TASK STATEMENT →
Your answer must be a word-for-word copy of the listing below, minus its pictures.

=== PROVIDED MATERIAL ===

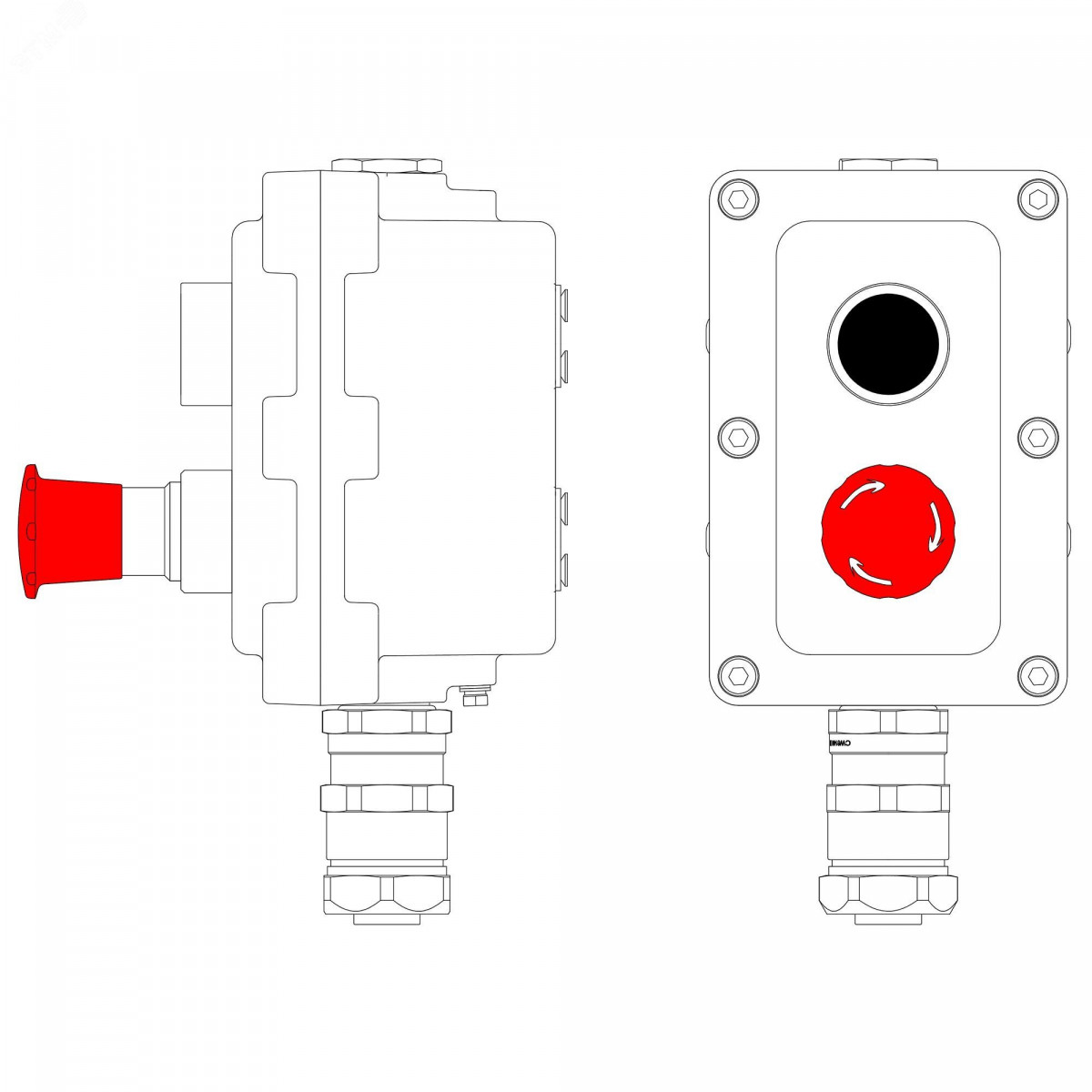 Пост управления взрывонепроницаемый из алюминия LCSD-02-B-MB-P1B(11)x1-P6E(11)x1-PBMB-KAEPM2MHK-20
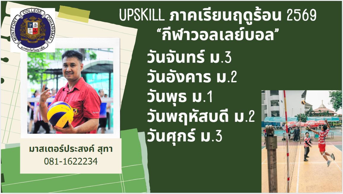 ชื่อวิชา : วอลเลย์บอล ครูผู้สอน : ประสงค์ สุทา ระดับชั้นที่เปิดสอน : ม.1 ม.2 ม.3 ค่าใช้จ่าย : - ดูรายละเอียดเพิ่มเติม.. |
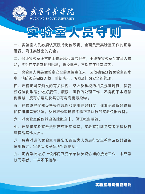 二、保证实验室正常的工作环境和清洁卫生,不得在实验室存放私人物品,不得在实验室抽烟喝酒,未经批准,不得在实验室留宿。

===

OUTPUT FOR THIS EXERCISE →
 Пост управления взрывонепроницаемый из алюминия LCSD-02-B-MB-P1B(11)x1-P6E(11)x1-PBMB-KAEPM2MHK-20
 ชื่อวิชา : วอลเลย์บอล ครูผู้สอน : ประสงค์ สุทา ระดับชั้นที่เปิดสอน : ม.1 ม.2 ม.3 ค่าใช้จ่าย : - ดูรายละเอียดเพิ่มเติม.. |
 二、保证实验室正常的工作环境和清洁卫生,不得在实验室存放私人物品,不得在实验室抽烟喝酒,未经批准,不得在实验室留宿。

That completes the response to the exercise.